Project Planning





1. Before making your project decide the following:
a. What kind of warp threads would you like to use. b. What will the length of your warp be. c. What is the width of the article to be woven. d. How many warp threads do you need in 1 inch. e. What will the total number of warp threads be. f. What is the purpose of your article to be woven. Does it require a stiff, firm structure or a drapeable one.

2. If you will be using varied types of warp threads in one piece, consider the following:
a. Using very thick and very fine yarns does influence the warp tension. b. You can alternate one thick and one thin thread but not in groups (thin threads will wind tighter than the thick ones on the warp beam. It will effect the tension by piling up in the thick sections). When using this technique, use two separate warp beams. c. If you would like a seersucker effect than you may place a group of thick thread next to a group of thin threads.

3. There are basically three types of fabric.
a. Where the warp and weft threads have the same prominence. b. A weft faced fabric where the weft thread hide the warp threads. *this is accomplished by selecting your warp threads from yarns finer than your weft yarns. *Or you may place your warp thread a size or two wider in your reed. c. A warp faced fabric where the warp threads hide your weft threads. *Here you would space your warp threads very close together in your reed. *Or select your weft threads to be generally finer than your warp threads.

4. Suitable yarns for warps.
a. Use strong cotton, linens or tightly spun wools. b. Your yarn should not break when you snap it. i.e. this applies to either two plies or tightly twisted singles.

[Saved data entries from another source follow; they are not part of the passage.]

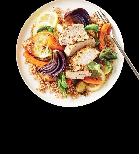 Serve chicken with farro, vegetables, and apples. Garnish with lemon slices, if desired.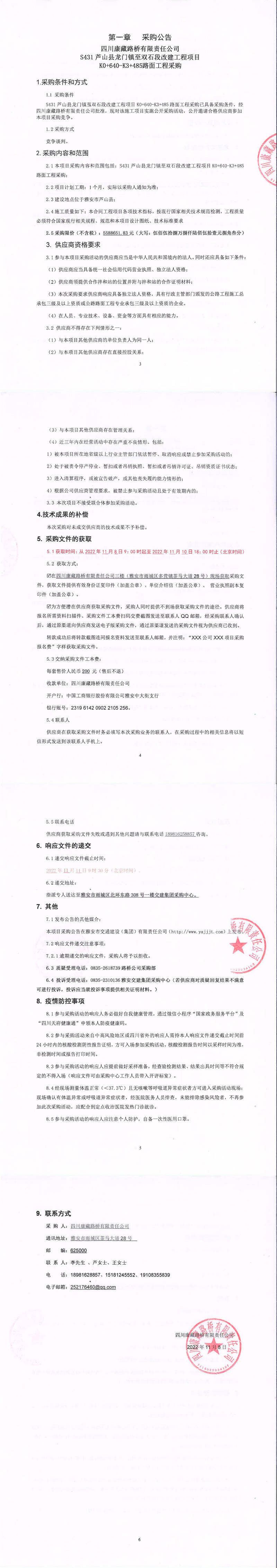 四川康藏路橋有限責(zé)任公司S431蘆山縣龍門鎮(zhèn)至雙石段改建工程項目K0+640-K3+485路面工程采購公告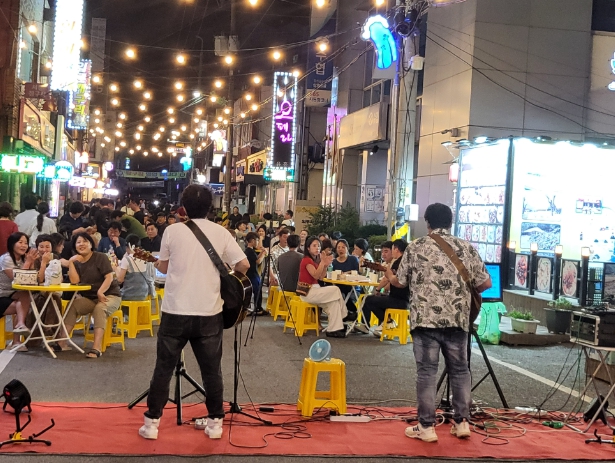 ‘2024 문화가 있는 날–구석구석 문화배달’ 사업 선정에 힘입어 강진읍을 음악이 흐르는 거리로 변화시키고자 진행되는 목요일 밤의 청춘버스킹 ‘목야청청’이 반환점을 넘어섰다.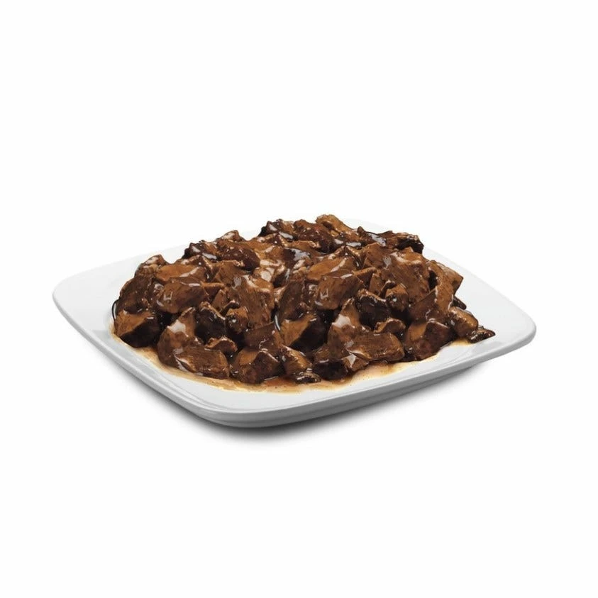 - Chunks of meat in a scrumptious gravy tempt even the pickiest of dogs to the bowl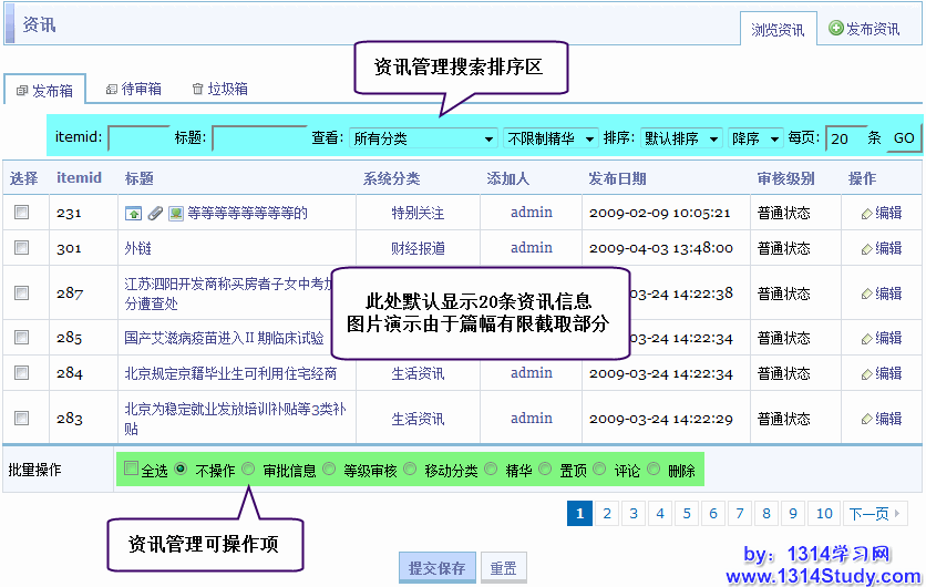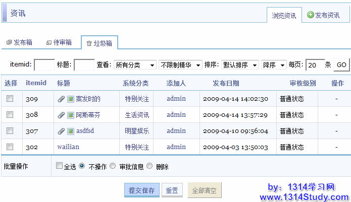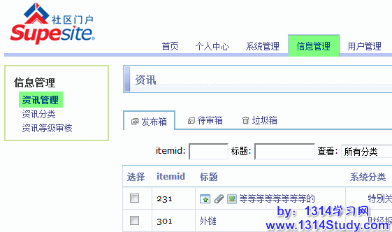 资讯管理是针对站点所有的资讯信息进行搜索、编辑、审核、移动分类、置顶、精华、删除等批量操作。浏览资讯管理包括发布箱、待审箱和垃圾箱的管理,管理者发布资讯的位置也在这里,下面请看详细介绍。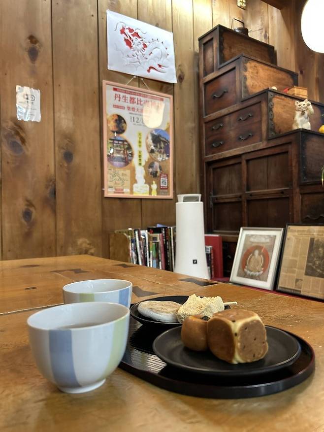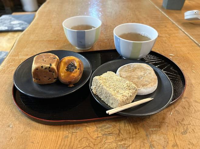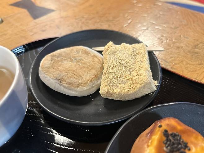 과자맛도 훌륭했고 추운날 몸 따뜻하게 녹이면서 눈내리는 창 보는게 운치가 있었습니다. 야키모찌 맛도 좋았구요.

5. Notes concerning the use of your warping board:
a. The cross during warping is very important. It keeps the thread in the proper order for threading your pattern on your loom. b. Any color changes which occur during the warping board process must occur at the beginning peg or at the end of the cross. c. It is helpful when looping the cross threads into their groups, to use a contrasting colored thread. d. Tie all chokes tightly in an alternate color thread.